My mom wouldn’t be home for hours, but I could make it sound like she was.

Duh! I sprinted to my car, fired up the engine, and drove into my garage, smiling as the garage door clanged
on its cold hinges. As I cracked open the door leading into the house, I saw Paul coming down the stairs, followed by Rina.
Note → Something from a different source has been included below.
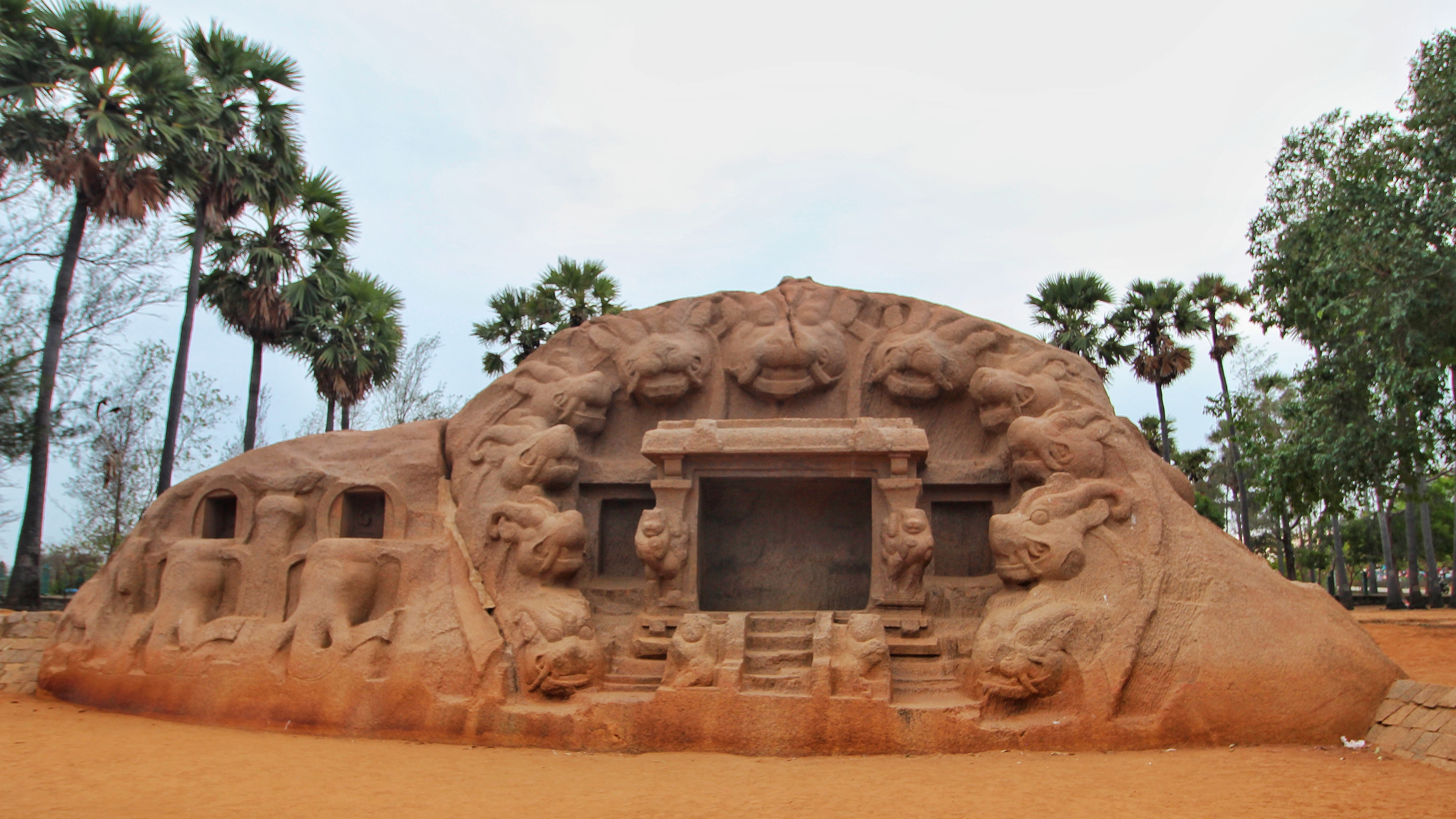 Tiger Cave monument in Mamallapuram

“Are you sure I shouldn’t say hi to your mom?” he was asking, his fingertips lightly twined with hers. Ugh.

“No, she’s probably zonked from work,” said Rina, “and it’s not like she hasn’t said hi to you before.” She smiled, all flirty and playful, and I almost threw up. When he bent his head to kiss her, I actually gagged, holding my hand over my mouth to muffle the sound. Thankfully, he quickly slipped out the front door toward his car, because the rage in my stomach had traveled to my fists.

I stormed into the front hall and shoved Rina so hard she backed up a few steps and hit the wall. “You SLUT!”

Rina stumbled, surprised and off balance, but quickly recovered. “Kate, there you are! I’m sorry, but it’s nothing, really. He just stopped by and—”

“You’re
lying!
” I yelled. “My boyfriend cheated on me! With YOU!”

“No,” Rina said. “No, that’s not what happened. I mean, obviously I had to pretend to be you and go along with—”

“You didn’t
have
to do anything! What did you do, call him? I told him I was gonna be working all day. I told you that too, and you—” I couldn’t believe how stupid I’d been. Suddenly I could see exactly what had happened. “You knew I was gonna be gone and you took advantage of it! What did
you tell him? Did you say you finished the essay early? What the
hell
is wrong with you?”

Rina’s expression changed. Her eyes went from wide-eyed and innocent to narrow and calculating. She gave me a tight little smile. “Fine,” she said quietly. “You’re right. That’s exactly what I did. Happy?”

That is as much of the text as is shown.